Task instructions — Only the stretch below from the line holding "ประชาสัมพันธ์ทุนส่งเสริมการศึกษาบุตรสมาชิก ปี 2563" through the line holding "www ooxx99 com(关于www ooxx99 com的基本详情介绍)" should be restated, word for word and with both ends included; pictures stay out.

Provided data —
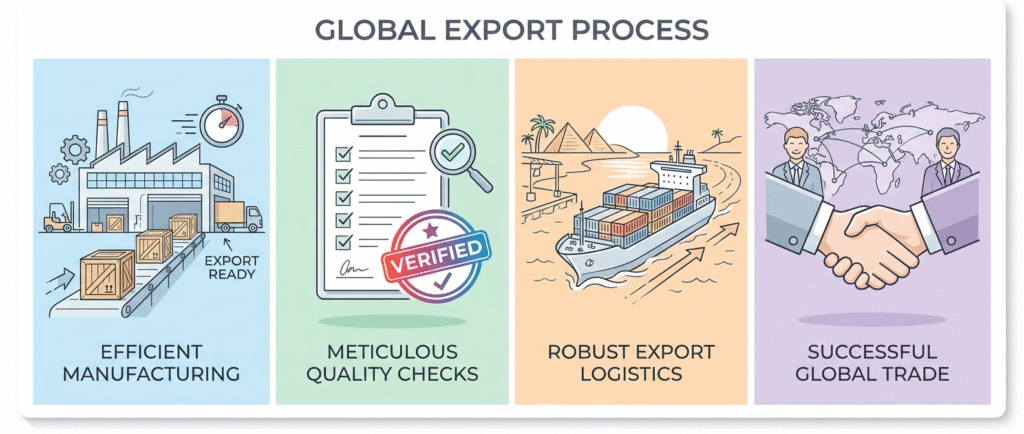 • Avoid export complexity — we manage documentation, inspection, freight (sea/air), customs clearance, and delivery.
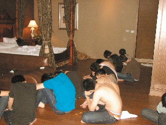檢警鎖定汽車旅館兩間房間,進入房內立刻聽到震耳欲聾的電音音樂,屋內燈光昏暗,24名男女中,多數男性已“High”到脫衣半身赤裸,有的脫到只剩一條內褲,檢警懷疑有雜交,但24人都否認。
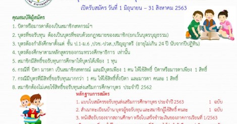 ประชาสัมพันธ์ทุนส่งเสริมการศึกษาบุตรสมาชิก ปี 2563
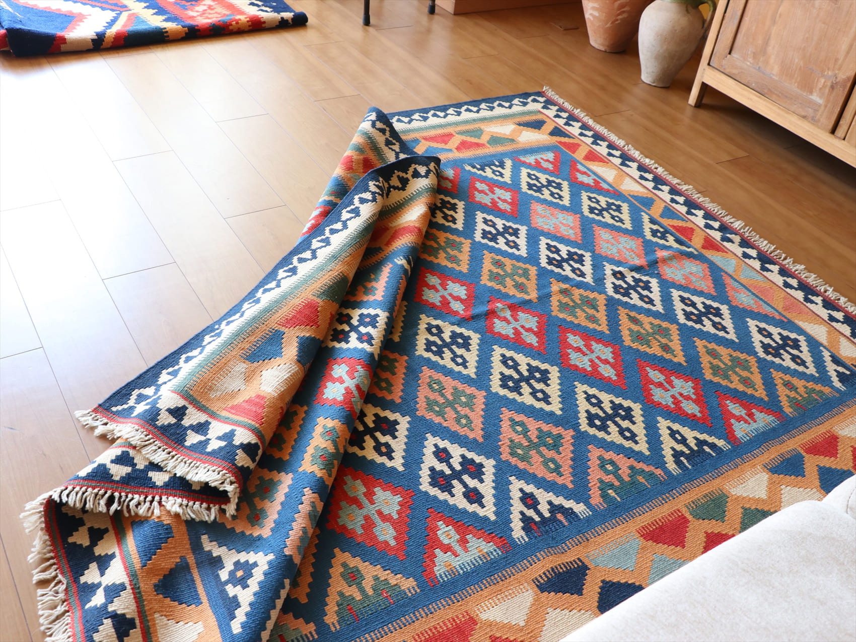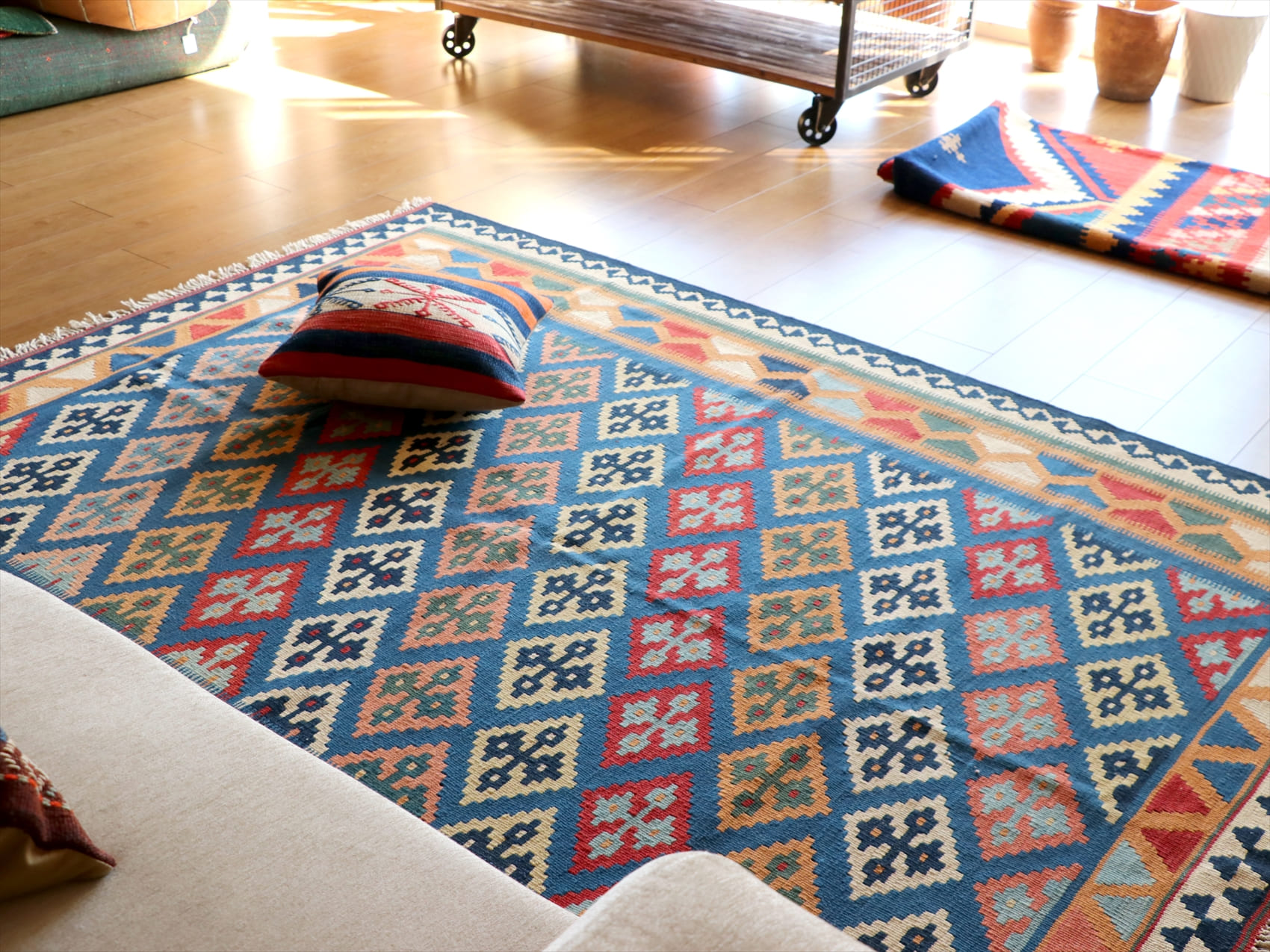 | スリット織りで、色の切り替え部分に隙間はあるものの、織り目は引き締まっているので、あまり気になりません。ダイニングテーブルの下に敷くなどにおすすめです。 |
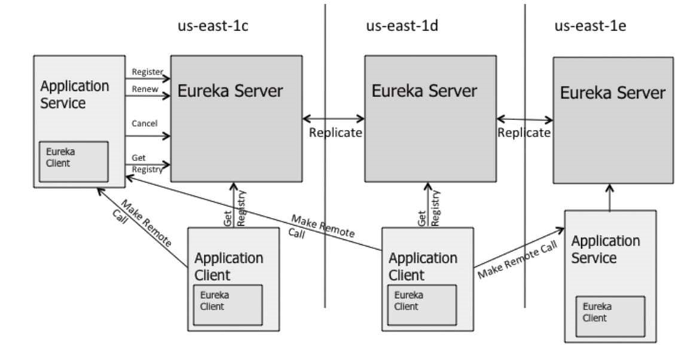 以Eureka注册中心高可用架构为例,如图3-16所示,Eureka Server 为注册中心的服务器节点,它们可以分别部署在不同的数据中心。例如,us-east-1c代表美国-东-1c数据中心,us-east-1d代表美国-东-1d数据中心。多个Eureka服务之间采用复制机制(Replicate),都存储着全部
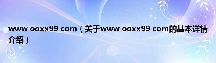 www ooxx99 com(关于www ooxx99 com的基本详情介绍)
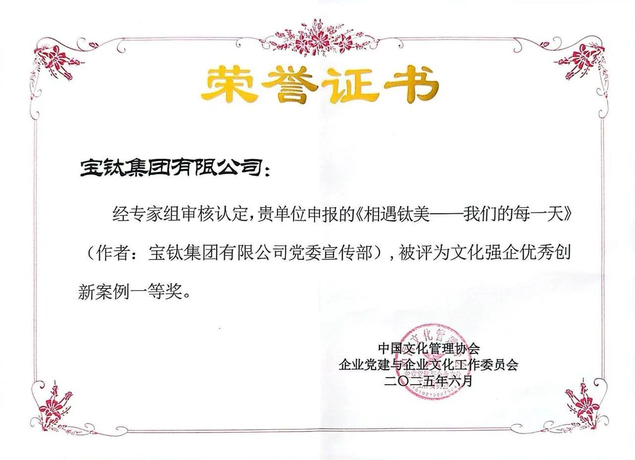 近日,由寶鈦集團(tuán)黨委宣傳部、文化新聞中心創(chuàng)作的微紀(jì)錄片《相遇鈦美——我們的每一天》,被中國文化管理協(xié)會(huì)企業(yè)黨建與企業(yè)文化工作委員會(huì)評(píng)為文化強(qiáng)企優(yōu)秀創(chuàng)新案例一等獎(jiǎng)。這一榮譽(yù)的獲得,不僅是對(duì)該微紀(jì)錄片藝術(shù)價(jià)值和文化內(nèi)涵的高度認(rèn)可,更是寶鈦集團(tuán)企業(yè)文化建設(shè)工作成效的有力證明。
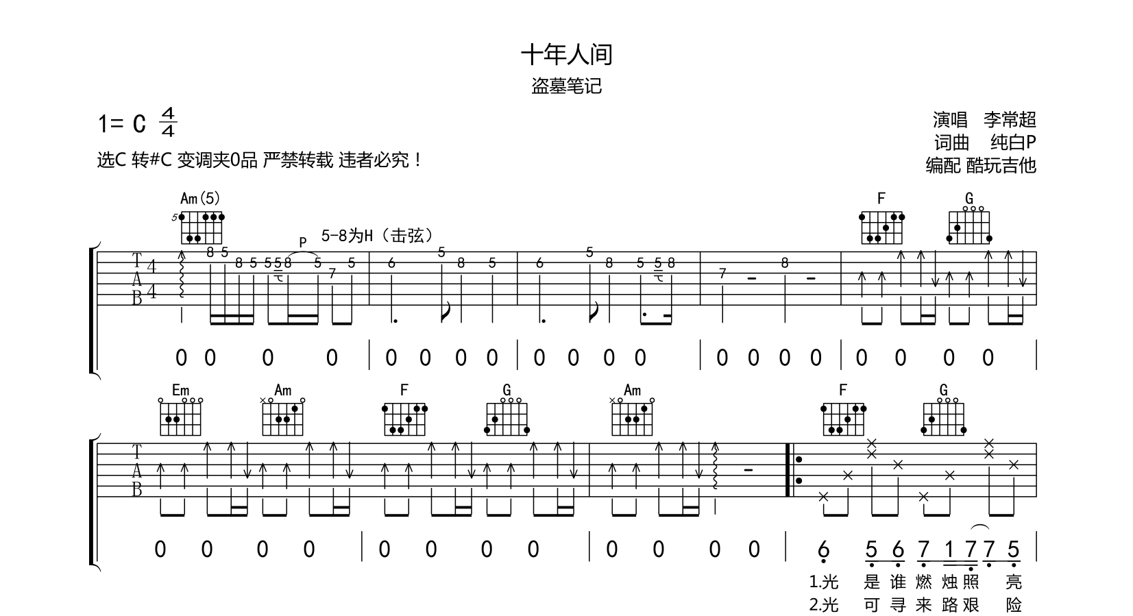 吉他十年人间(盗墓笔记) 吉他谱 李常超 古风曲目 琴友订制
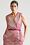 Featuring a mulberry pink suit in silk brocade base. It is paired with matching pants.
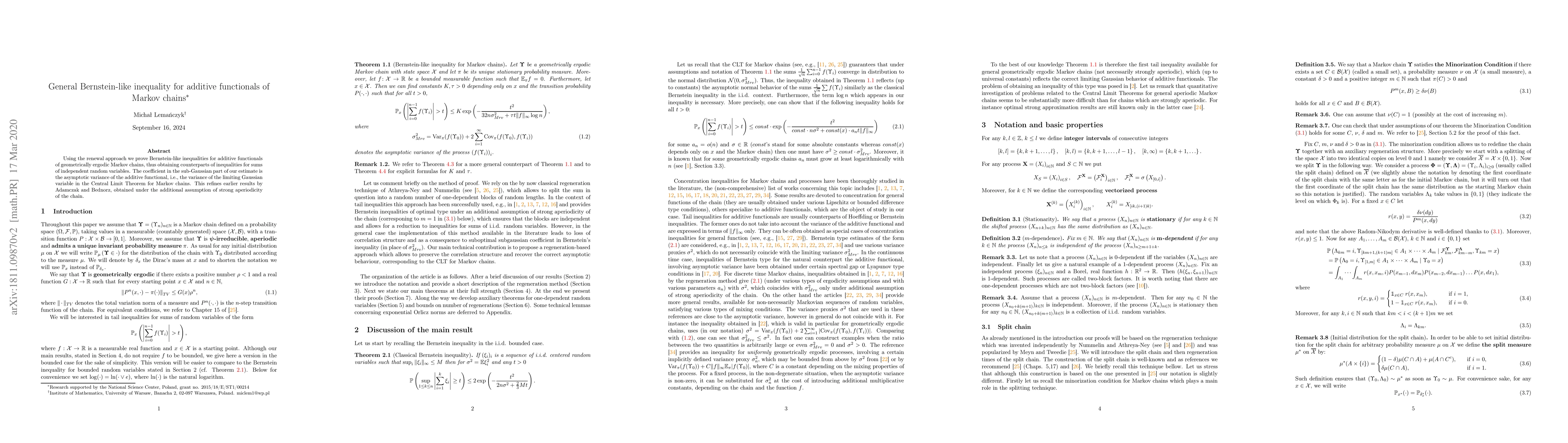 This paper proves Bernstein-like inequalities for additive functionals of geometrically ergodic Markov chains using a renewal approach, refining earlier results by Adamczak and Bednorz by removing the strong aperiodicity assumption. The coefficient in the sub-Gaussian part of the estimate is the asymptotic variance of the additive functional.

Completed exercise —
 ประชาสัมพันธ์ทุนส่งเสริมการศึกษาบุตรสมาชิก ปี 2563
 | スリット織りで、色の切り替え部分に隙間はあるものの、織り目は引き締まっているので、あまり気になりません。ダイニングテーブルの下に敷くなどにおすすめです。 |
 以Eureka注册中心高可用架构为例,如图3-16所示,Eureka Server 为注册中心的服务器节点,它们可以分别部署在不同的数据中心。例如,us-east-1c代表美国-东-1c数据中心,us-east-1d代表美国-东-1d数据中心。多个Eureka服务之间采用复制机制(Replicate),都存储着全部
 www ooxx99 com(关于www ooxx99 com的基本详情介绍)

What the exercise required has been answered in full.